PeriodicRemove =  ( JobStatus == 4 && JobWantsFileTransfer == false && JobWantsPostprocessing == false && JobWantsDeletion == true ) || ( JobStatus == 4 || JobStatus == 5) && (CurrentTime - EnteredCurrentStatus > 3600*24*10)
 
The attributes JobWantsFileTransfer, JobWantsPostprocessing, and JobWantsDeletion are attributes I give to the job in the submit file as well.
 
I submit jobs to a dedicated scheduler using remote submit:
 
condor_submit -remote ...
 
My client runs Windows 7 and the remote scheduler runs Windows Server 2008 R2.
 
Now, when the scheduler evaluates this _expression_ to true it tells me that it aborts the job and then it crashes. Although the Master starts it up it is not able to reconnect to the Master making the problem even worse.

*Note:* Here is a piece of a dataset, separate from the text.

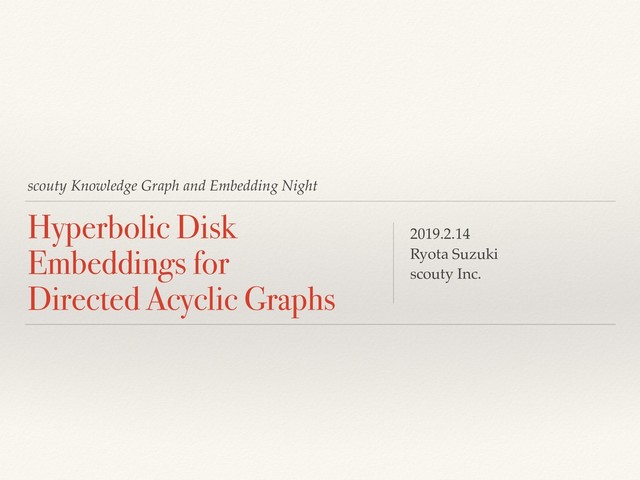 Euclidean space) ❖ Used as a first layer of NN ❖ Obtains relation of entities as geometrical structure ❖ This paper: Embedding directed acyclic graphs (DAGs) vwoman − vman + vking = vqueen

In the schedd logfile it's showing the following entries:
 
05/30/13 13:29:42 (pid:1336) Calling Handler <SecManStartCommand::WaitForSocketCallback RESCHEDULE> (3)

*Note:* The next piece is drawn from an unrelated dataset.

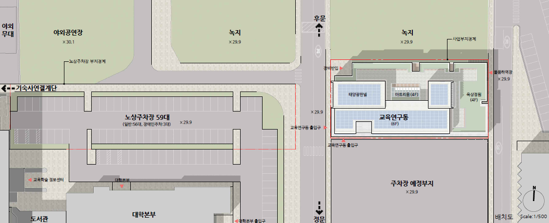 1. 캠퍼스 축과 이어지는 "주출입구-내부 러닝센터 연계계획"

05/30/13 13:29:42 (pid:1336) Return from Handler <SecManStartCommand::WaitForSocketCallback RESCHEDULE> 0.0000s
05/30/13 13:29:44 (pid:1336) Job 53.0 aborted: The job attribute PeriodicRemove _expression_ '( JobStatus == 4 && JobWantsFileTransfer == false && JobWantsPostprocessing == false && JobWantsDeletion == true ) || ( JobStatus == 4 || JobStatus == 5 ) && ( CurrentTime - EnteredCurrentStatus > 3600 * 24 * 10 )' evaluated to TRUE
05/30/13 13:29:54 (pid:1500) Locale: English_United States.1252
05/30/13 13:29:54 (pid:1500) Setting maximum accepts per cycle 8.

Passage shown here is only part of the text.